I tried to plot linear regression with 95% confidence interval for the slope and found results are different when comparing both methods.
import numpy as np
from matplotlib import pyplot as plt
import seaborn as sns
import statsmodels.api as sm
from statsmodels.stats.outliers_influence import summary_table
x = np.linspace(0,10)
y = 3*np.random.randn(50) + x
res = sm.OLS(y, x).fit()
st, data, ss2 = summary_table(res, alpha=0.05)
fittedvalues = data[:,2]
predict_mean_se = data[:,3]
predict_mean_ci_low, predict_mean_ci_upp = data[:,4:6].T
predict_ci_low, predict_ci_upp = data[:,6:8].T
plt.figure(1)
plt.subplot(211)
plt.plot(x, y, 'o', label="data")
plt.plot(x, fittedvalues, 'r-', label='OLS')
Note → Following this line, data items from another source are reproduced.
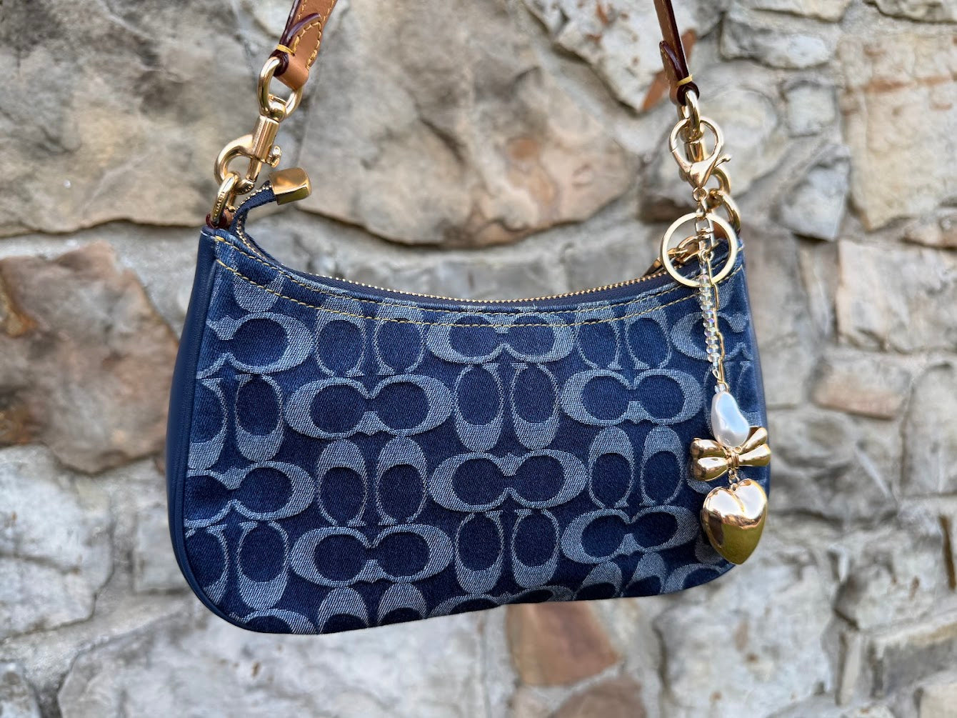 Elevate your style with this luxurious bag charm featuring a bold heavy gold heart paired with a luminous baroque pearl drop. The combination of rich metallic shine and organic pearl elegance creates a timeless accessory that clips effortlessly onto purses, or backpacks. Sophisticated yet versatile, it’s perfect for anyone who loves adding a touch of glamour and refinement to their everyday look.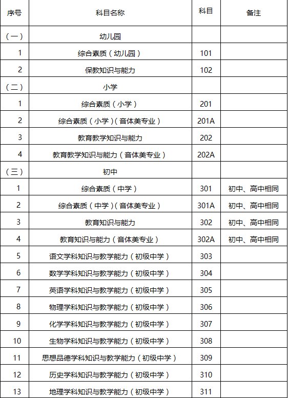 7.音、体、美专业考生的笔试公共科目一、科目二(科目代码:201、202、301、302)实行单独编码(相应科目代码:201A、202A、301A、302A),音、体、美专业考生在笔试报名时应选报单独编码的公共科目。取得科目201A、202A合格的考生,面试仅限于参加小学类别音、体、美专业科目;取得科目301A、302A合格的考生,面试仅限于参加初中、高中、中职类别音、体、美专业科目。考生已获得科目201、202、301、302合格成绩,可相应替代科目201A、202A、301A、302A合格成绩;考生已获得科目201A、202A、301A、302A合格成绩不可替代科目201、202、301、302合格成绩。
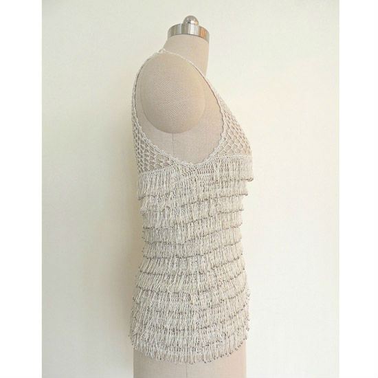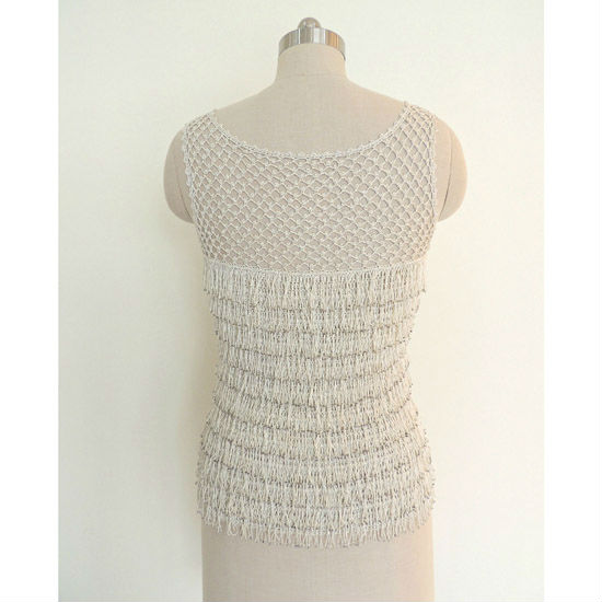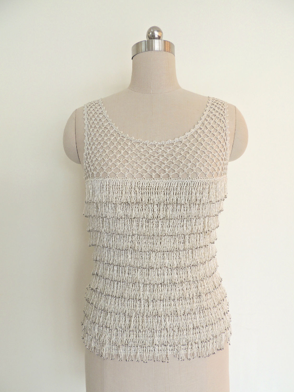 Ladies 90% viscose 10% lurex crocheted top w/ beads

plt.plot(x, predict_ci_low, 'b--')
plt.plot(x, predict_ci_upp, 'b--')
plt.plot(x, predict_mean_ci_low, 'g--')
plt.plot(x, predict_mean_ci_upp, 'g--')
plt.legend()
plt.subplot(212)
sns.regplot(x=x, y=y,label="sns")
plt.legend()
plt.show()
By the way, what's the difference between predict_mean_ci_low and predict_ci_low? I can't find the explanation of it in the manual. The part of statsmodels is copied from this question.
Edit:
According to Josef, Warren Weckesser and this post, I need to add a constant to the OLS version.
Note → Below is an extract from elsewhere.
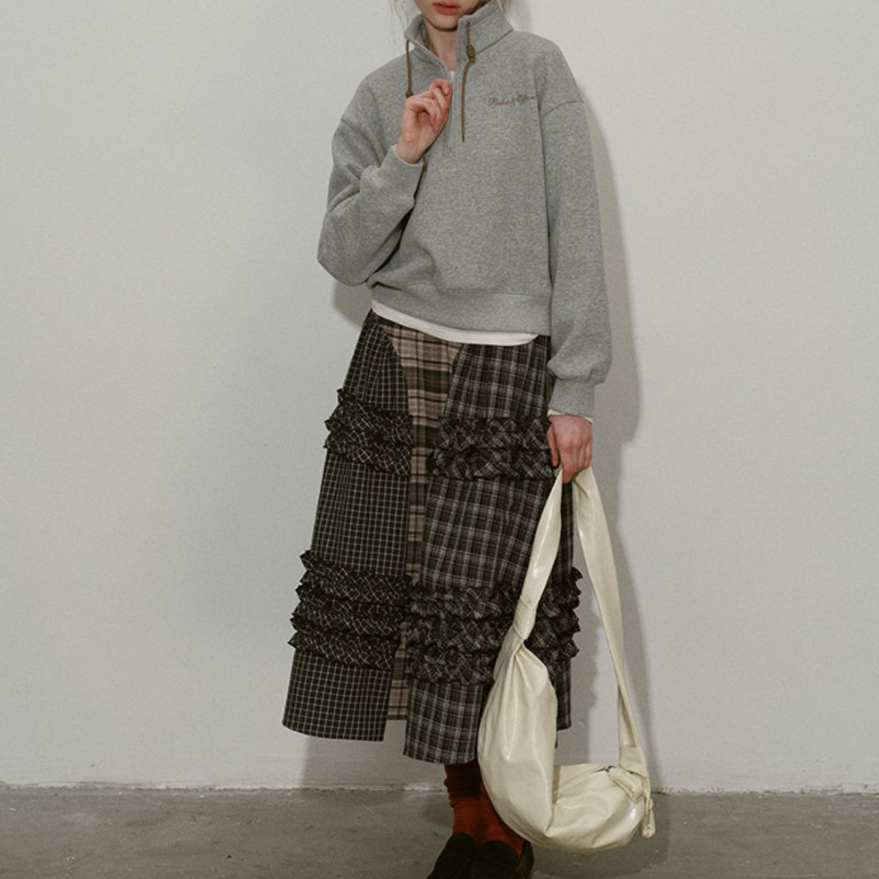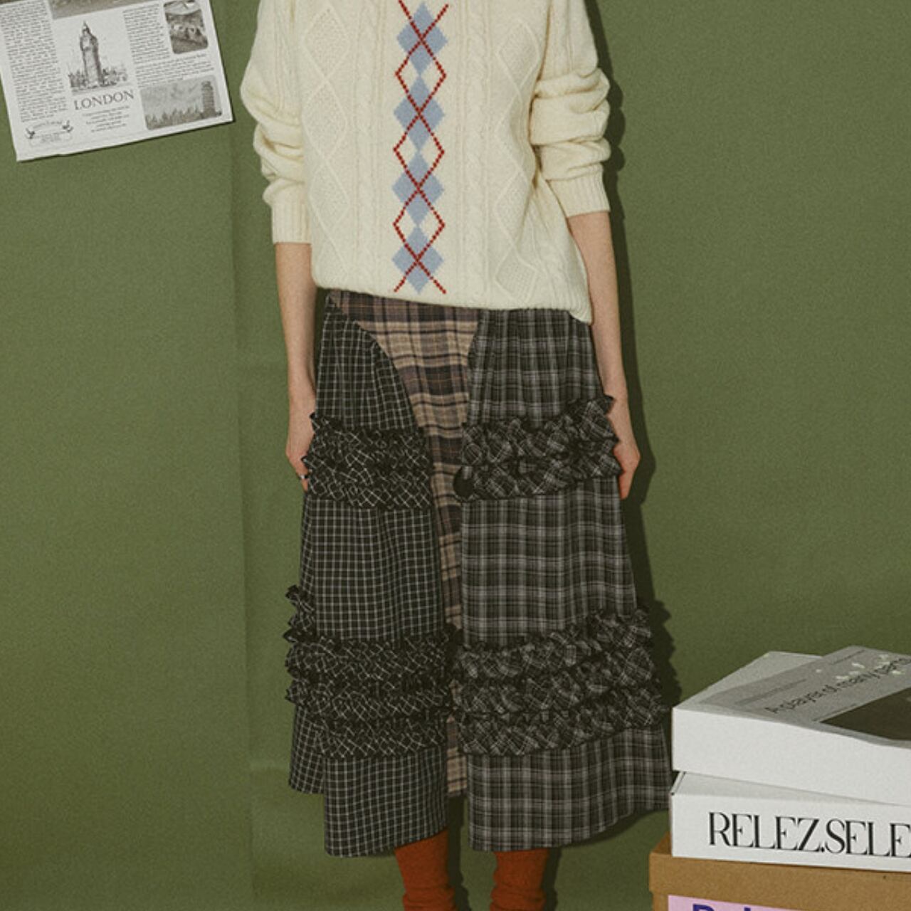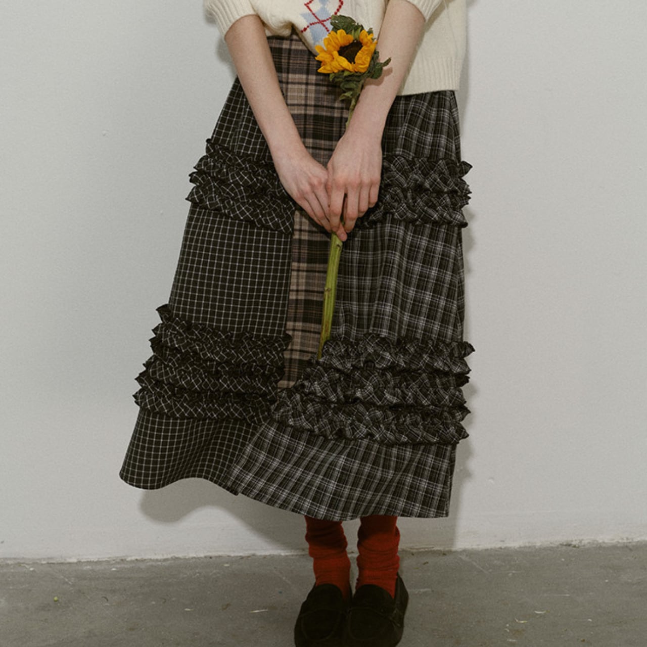 異なるチェック柄を組み合わせたパッチワークデザインが目を惹くティアードスカート。

By default, OLS in statsmodels does not include the constant term (i.e. the intercept) in the linear equation. (The constant term corresponds to a column of ones in the design matrix.)
import numpy as np
from matplotlib import pyplot as plt
import seaborn as sns
import statsmodels.api as sm
from statsmodels.stats.outliers_influence import summary_table
x = np.linspace(0,10)
y = 3*np.random.randn(50) + x
X = sm.add_constant(x)
res = sm.OLS(y, X).fit()
st, data, ss2 = summary_table(res, alpha=0.05)
fittedvalues = data[:,2]
predict_mean_se = data[:,3]
predict_mean_ci_low, predict_mean_ci_upp = data[:,4:6].T
predict_ci_low, predict_ci_upp = data[:,6:8].T
plt.figure(1)
plt.subplot(211)
plt.plot(x, y, 'o', label="data")
plt.plot(X, fittedvalues, 'r-', label='OLS')
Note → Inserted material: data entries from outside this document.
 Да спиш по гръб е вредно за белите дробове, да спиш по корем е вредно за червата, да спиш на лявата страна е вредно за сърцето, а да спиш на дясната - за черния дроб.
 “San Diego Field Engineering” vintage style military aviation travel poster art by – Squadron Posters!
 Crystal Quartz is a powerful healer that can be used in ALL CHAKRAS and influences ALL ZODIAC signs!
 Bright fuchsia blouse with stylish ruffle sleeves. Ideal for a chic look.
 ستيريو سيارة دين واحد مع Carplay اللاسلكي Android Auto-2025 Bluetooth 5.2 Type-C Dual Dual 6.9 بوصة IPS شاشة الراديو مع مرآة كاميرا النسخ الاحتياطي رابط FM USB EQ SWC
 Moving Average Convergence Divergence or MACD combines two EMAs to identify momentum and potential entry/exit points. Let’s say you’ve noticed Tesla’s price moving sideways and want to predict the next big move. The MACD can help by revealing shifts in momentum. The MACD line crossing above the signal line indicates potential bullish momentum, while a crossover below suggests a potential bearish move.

plt.plot(X, predict_ci_low, 'b--')
plt.plot(X, predict_ci_upp, 'b--')
plt.plot(X, predict_mean_ci_low, 'g--')
plt.plot(X, predict_mean_ci_upp, 'g--')
plt.legend()
plt.subplot(212)
sns.regplot(x=x, y=y,label="sns")
plt.legend()
plt.show()
However, the plot looks strange now. Some odd lines and extra legends show up.
Edit2:
Differences between prediction interval and confidence interval, please see this web.
Edit3:
The exog contains all variables I want to include in the model, including a constant (a column of ones). So, we need to use X[:,1] without the column of ones for plot.
ax.plot(X[:,1], fittedvalues, 'r-', label='OLS')
ax.plot(X[:,1], predict_ci_low, 'b--')
ax.plot(X[:,1], predict_ci_upp, 'b--')
ax.plot(X[:,1], predict_mean_ci_low, 'g--')
ax.plot(X[:,1], predict_mean_ci_upp, 'g--')